Stored entries:
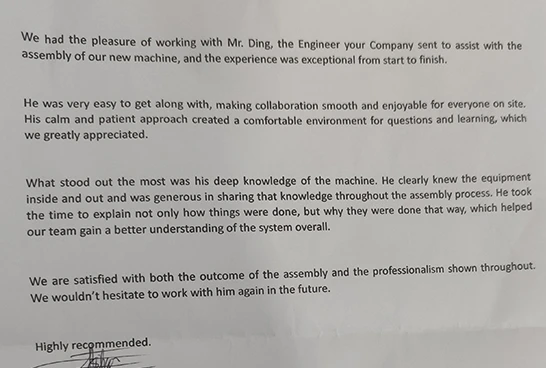 JonathanMr. Ding, your engineer, provided exceptional service during our machine assembly. His deep expertise and patient approach made collaboration smooth, while his clear explanations helped our team fully understand the system. We are thoroughly satisfied with both the results and his professionalism, and highly recommend his services.
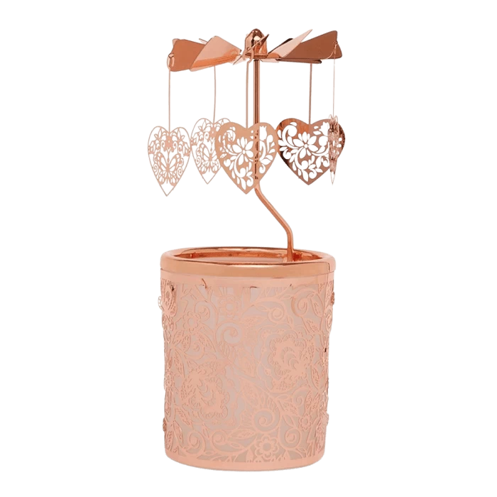 Elighten your evening with the Callie Rose Gold Tealight Spinner. Glimpse as its delicate heart and floral motifs gracefully twirl and flicker in the candle’s gentle glow.
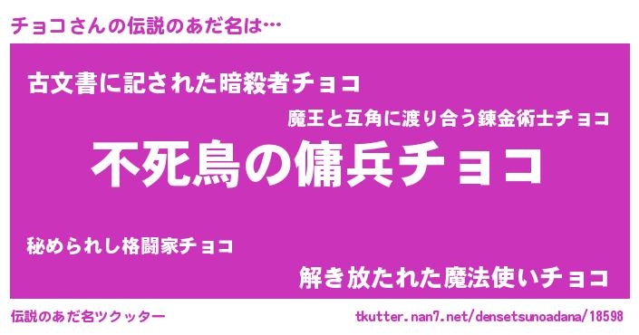 | ヒーロー風カッコイイあだ名 | 『スーパーチョコ』『ネオチョコ』 |
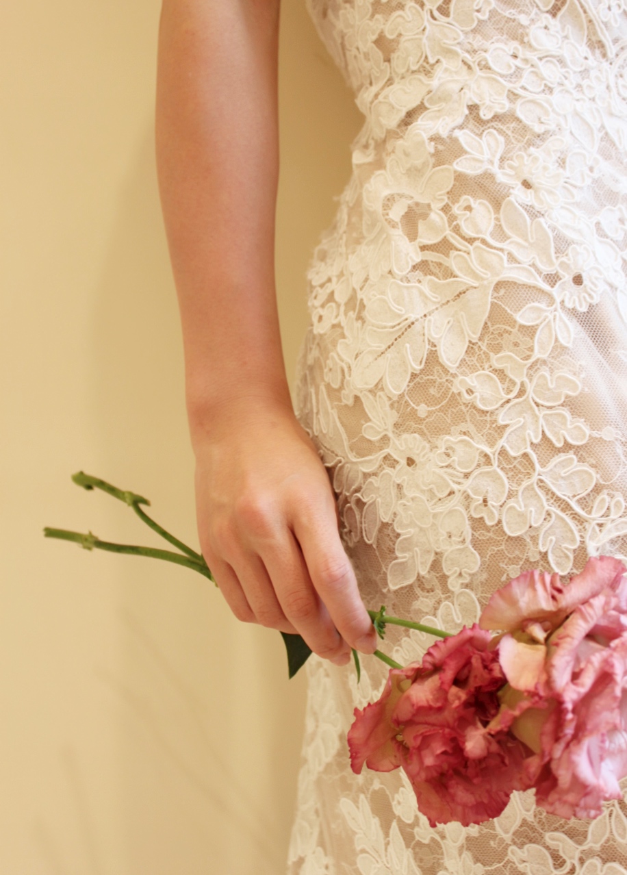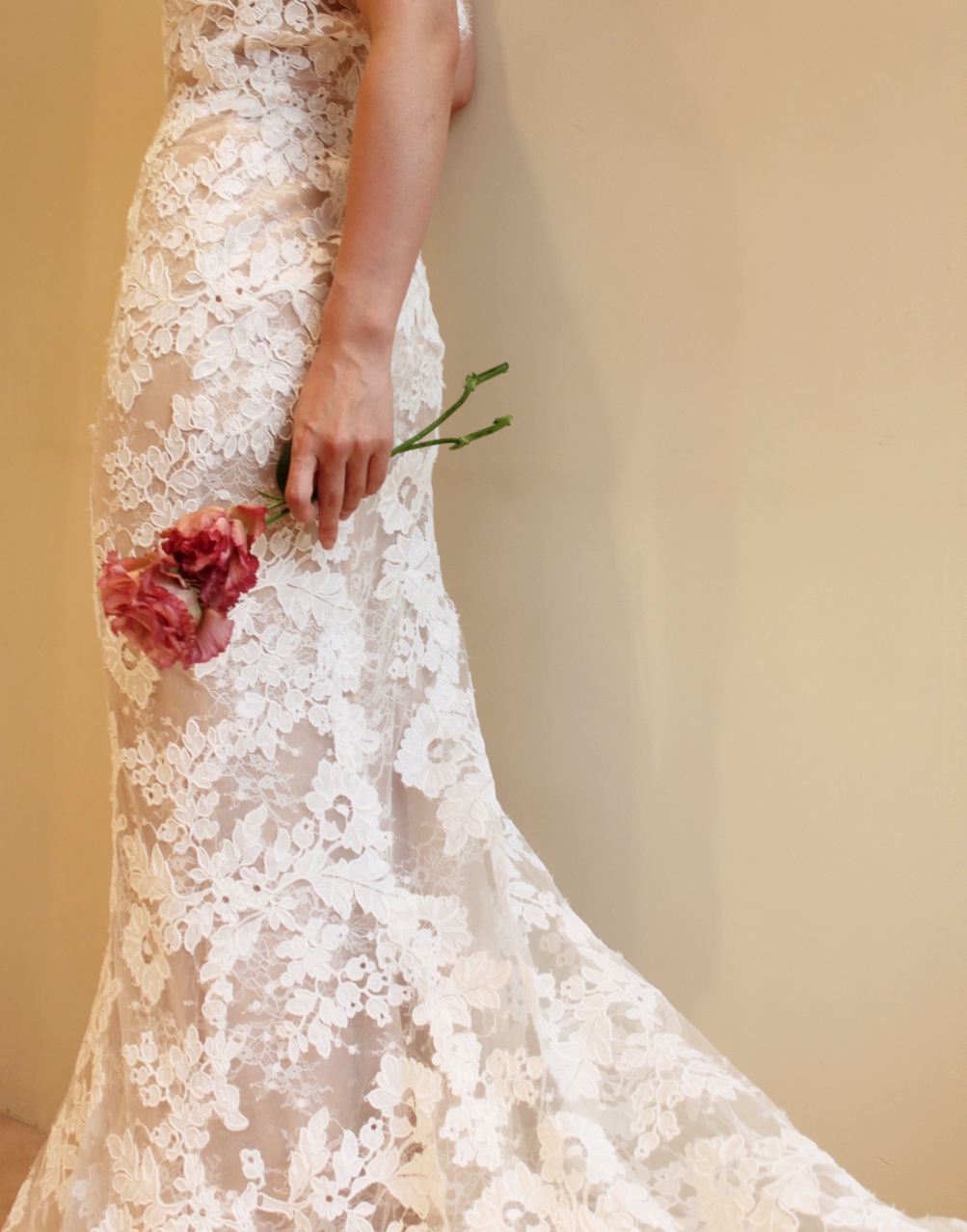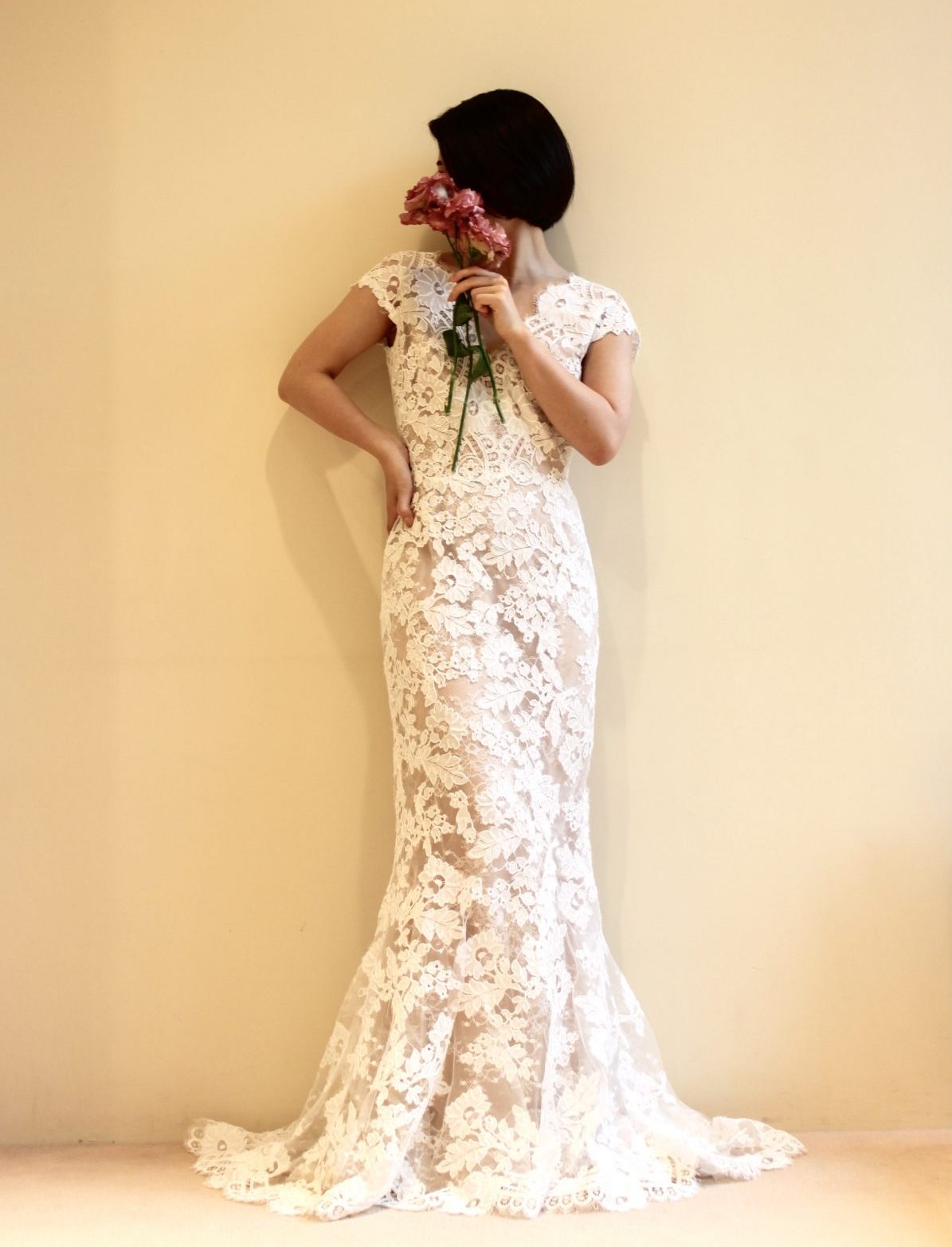 女性の持つしなやかな曲線が優美な印象を与えるマーメイドラインは身体に優しく寄り添い、Iラインを美しく魅せるように計算しつくされたもの。そのエレガントなシルエットは重厚感さの感じるレースをも軽やかに、リラクシーにお召頂ける一着です。バックコンシャスなVバックデザインではアーチを描くようにレースが施され、センシュアルさを感じさせます。袖を通した方のみが感じられるシルク生地は上質で柔らかく、肌にそっと触れる度に着心地の大切さを感じられることでしょう。コーディネートでは、はっきりとした色味のリップをアクセントとしシンプルなスタイリングに仕上げてみるのはいかがでしょうか。あえて会場の装飾やブーケなども極力シンプルにまとめ、花嫁とドレスの持つ魅力を最大限に引き出してくれるようなスタイルをおすすめです。
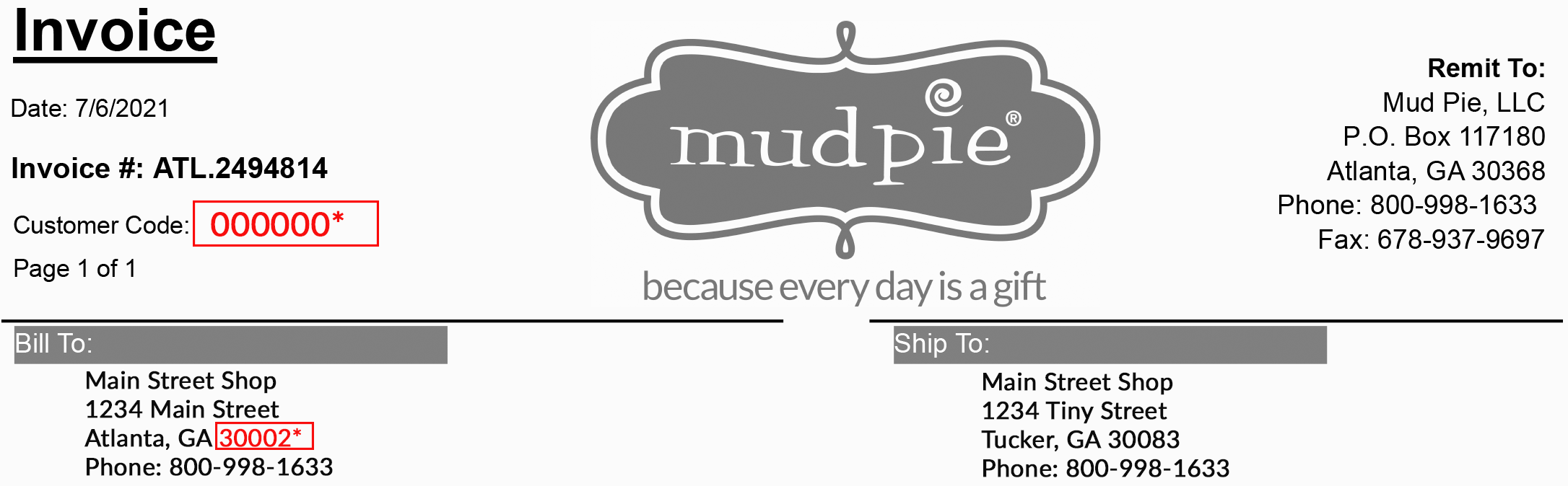 *Your customer code and billing zip code can be found on the top left corner of your Mud Pie invoice.  See example invoice.

Assigned task: Pictures don't belong in the copy. Restate all the entries exactly.

Result of this exercise:
 JonathanMr. Ding, your engineer, provided exceptional service during our machine assembly. His deep expertise and patient approach made collaboration smooth, while his clear explanations helped our team fully understand the system. We are thoroughly satisfied with both the results and his professionalism, and highly recommend his services.
 Elighten your evening with the Callie Rose Gold Tealight Spinner. Glimpse as its delicate heart and floral motifs gracefully twirl and flicker in the candle’s gentle glow.
 | ヒーロー風カッコイイあだ名 | 『スーパーチョコ』『ネオチョコ』 |
 女性の持つしなやかな曲線が優美な印象を与えるマーメイドラインは身体に優しく寄り添い、Iラインを美しく魅せるように計算しつくされたもの。そのエレガントなシルエットは重厚感さの感じるレースをも軽やかに、リラクシーにお召頂ける一着です。バックコンシャスなVバックデザインではアーチを描くようにレースが施され、センシュアルさを感じさせます。袖を通した方のみが感じられるシルク生地は上質で柔らかく、肌にそっと触れる度に着心地の大切さを感じられることでしょう。コーディネートでは、はっきりとした色味のリップをアクセントとしシンプルなスタイリングに仕上げてみるのはいかがでしょうか。あえて会場の装飾やブーケなども極力シンプルにまとめ、花嫁とドレスの持つ魅力を最大限に引き出してくれるようなスタイルをおすすめです。
 *Your customer code and billing zip code can be found on the top left corner of your Mud Pie invoice.  See example invoice.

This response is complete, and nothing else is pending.